China NMPA Product Recall - Estradiol Assay Kit (Chemiluminescent Immunoassay)

The National Medical Products Administration (NMPA) published a Class II voluntary recall on December 7, 2016, initiated by Sulling Diagnostics Medical Devices (Shanghai) Co., Ltd. This action addresses a significant issue with their Estradiol Assay Kit (Chemiluminescent Immunoassay). The company, which reported the issue on September 2, 2016, discovered that the kit can produce falsely elevated estradiol test results in patients undergoing treatment with fulvestrant (Faslodex®). This inaccuracy stems from fulvestrant's structural similarity to estradiol, causing an unintended cross-reaction with the immunoassay reagents. The affected products include specific batches of the Estradiol Assay Kit (Catalog No. 310680-CN), with 823 kits imported to China.
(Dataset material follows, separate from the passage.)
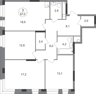 Продается трехкомнатная квартира с отделкой в 9 фазе города-парка «Первый Московский». Общая площадь квартиры - 87 кв. м, этаж 2 из 19. Срок сдачи - 2 квартал 2027 года. Тип дома - монолитный. Цена указана при 100% оплате. Новый корпус состоит из 3 секций: Все квартиры с отделкой White Box с возможностью дополнительного выбора дизайнерской отделки: Classic или Smart+ Город-парк «Первый Московский» расположен всего в 7 км по Киевскому шоссе (Новая Москва). Из города-парка прямой выезд на Киевское шоссе и трассу Солнцево-Бутово-Варшавское шоссе. ТРАНСПОРТНАЯ ДОСТУПНОСТЬ: - 5 мин. на личном автомобиле или 10 мин. на автобусе №189, 147, 193 до станции метро «Филатов Луг» - 5 мин. на личном автомобиле или 12 мин. на автобусе №863 до станции метро «Саларьево» - 6 мин. на личном автомобиле или 15 мин. на автобусе №333 до станции метро «Рассказовка» РАЗВИТАЯ ИНФРАСТРУКТУРА В ОКРУЖЕНИИ: - общеобразовательная школа №2120 (корпуса д1, д7, ш1-ш5) - детский сад №2120 (корпуса д2, д9) - школа искусств - городская больница, детская поликлиника, филиал №5 - подстанция скорой помощи №58 и пожарно-спасательный центр №313 - отдел полиции, отдел ГИБДД - торговые центры «Столица» и «Новомосковский» - стадион, каток, бассейн - кафе, продуктовые магазины, аптеки, фитнес-центры, салоны красоты и пр. БЛАГОУСТРОЙСТВО: - дворы без машин - разнообразные детские площадки и развивающие комплексы - детские площадки разделены по возрастным группам - максимальная близость корпуса к парку «Филатов луг» - озеленение территории с учетом зонирования, островками для отдыха ОСОБЕННОСТИ АРХИТЕКТУРЫ: - безбарьерные входные группы - велопарковка на -1 этаже - колясочные в каждой входной группе - коммерческие помещения на 1 этаже в трех секциях - кладовые помещения расположены на жилых этажах и на -1 этаже - в каждой секции корпуса — 4 лифта: 2 пассажирских, 2 грузовых - видеонаблюдение установленное в холлах первых этажей, у подъездов и на прилегающей территории АВТОРСКИЙ ДИЗАЙН: Входные группы выполнены по авторскому дизайну, оснащены системой «тёплый пол». В каждой входной группе будет располагаться комфортабельная зона ожидания, почтовые ящики с ячейкой для спама, колясочная, акцентные пуфы и столик.О застройщике
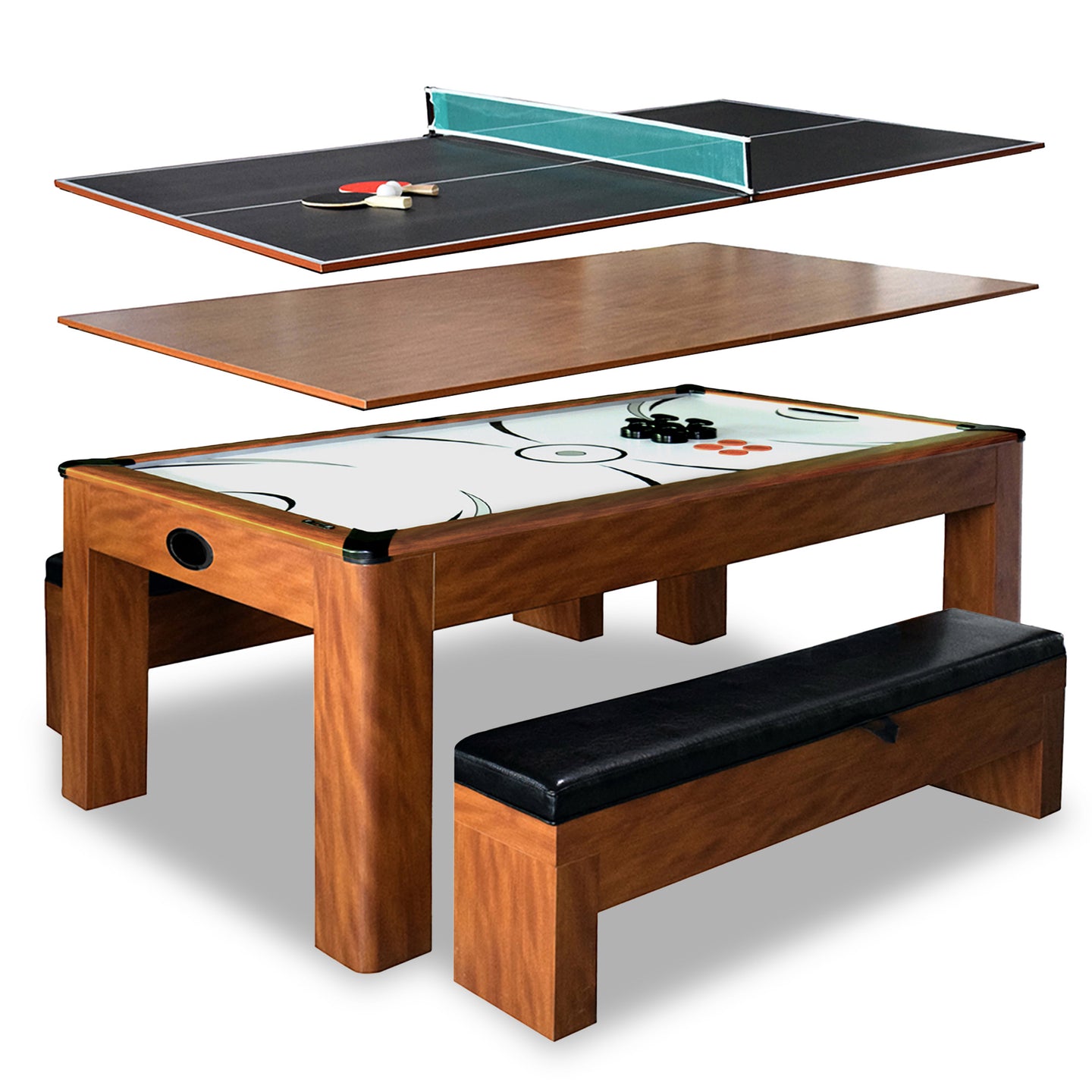 - FUN TO FUNCTION - Switching from fun to function is a snap with the Sherwood’s simple, removable tabletop. Easily change between air hockey, table tennis, or a convenient dining and game surface with a simple, 2-piece top.

In response, Sulling Diagnostics Medical Devices (Shanghai) Co., Ltd. is undertaking several corrective actions. These include sending notification letters to all affected customers, adding temporary warnings directly to the kits, and amending the official product instruction manual to permanently incorporate this crucial information. Despite the issue, the kit remains usable once these warnings and manual updates are in place, emphasizing cautious interpretation for patients on fulvestrant.